Authored by Tony Feng
Created on Oct 20th, 2022
Last Modified on Oct 25th, 2022
Intro
This sereis of posts contains a summary of materials and readings from the course CSCI 1460 Computational Linguistics that I’ve taken @ Brown University. The class aims to explore techniques regarding recent advances in NLP with deep learning. I posted these “Notes” (what I’ve learnt) for study and review only.
What is pretraining?
- Train on some “general” task that encourages good representations
- Transfer these representations with little updating to other tasks
- No need to train embeddings anew for every task
Contextualized Word Representations
Basic Idea
Traditional word embedding methods (e.g., word2vec) produce typelevel representations, while contextualized word embeddings (e.g., BERT, ELMo) produce token-level representations.
Advantages
- It can capture word sense
- It can capture syntactic and semantic context
Disadvantages
- Variable-length sentence representations
- No clear “lexicon”, which (traditionally) linguistics likes to have
- More training data needed
ELMo
- Architecture: Two-layer BiLSTM
- Layer 0 = pretrained static embeddings (Glove)

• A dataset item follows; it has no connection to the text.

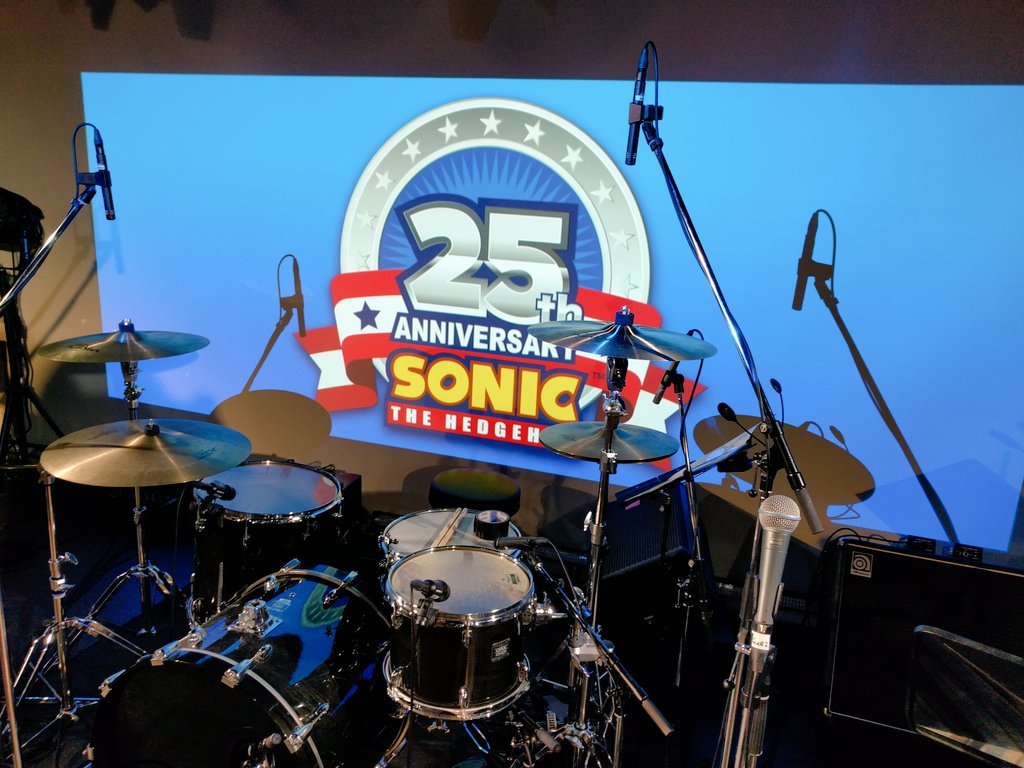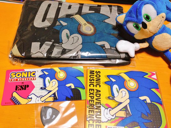 During the talk Sonic Adventure series concept art was displayed, Senoue and Ohtani discussed a little on how they had to composed tracks by just watching concept art in the beginning. The talk finished with Lin-san and Sato-san from ESP Japan joining Jun Senoue to talk about the Sonic Series guitars. There was no new game announcement, however attendees received 1 exclusive special limited edition CD plus an ESP sticker, there was also COSPA merch at the event. For the concert part, Jun Senoue was joined by Ken Taneda, drummer Act., and Tomoya Ohtani.
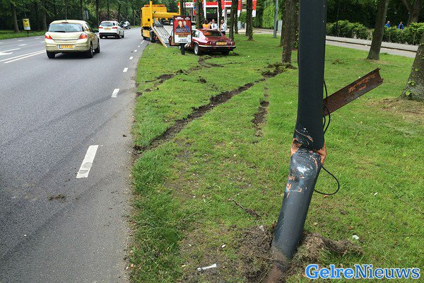 De man verloor iets na half vier met in de bocht de controle over zijn wagen. De Jaguar botste tegenover De Naald eerst tegen een lantaarnpaal en vervolgens tegen een boom.

- Trained on vanilla language modeling task
- Finetuned by learning a simple linear combination of the learned embeddings
BERT
- Architecture: Deep Transformer (small = 12, large = 24)
- Layer 0 = wordpiece embeddings
- Trained on masked language modeling + next-sentence prediction
- Typically finetuned by updating all parameters (though there are other strategies)
GPT
- Architecture: Deep Transformer
- Layer 0 = BPE
- Trained on vanilla language modeling
- Notable because the recent versions (GPT-3) are HUGE, and very impressive
- Typically finetuned by updating all parameters (for the small models) or (for the large models) prompting
Different Transfer Methods
Frozen
Just pool representations and train a new classifier on top。
Finetuning
Treat pretraining as a good initialization and continue to update all parameters on new tasks. Models perform better and require less data to learn the target task.
“Prompt” Tuning
Update a small number of parameters at the bottom of the network.
Adapters
Update a small number of parameters throughout the network.
Zero-Shot or “In-Context” Learning
Cast all tasks as an instance of the task that the model was trained on (e.g., language modeling).
- Results are high variance, depending on exact wording of the prompts.
- Unclear what was seen during training, so hard to know how much they are truly learning and generalizing vs. parroting.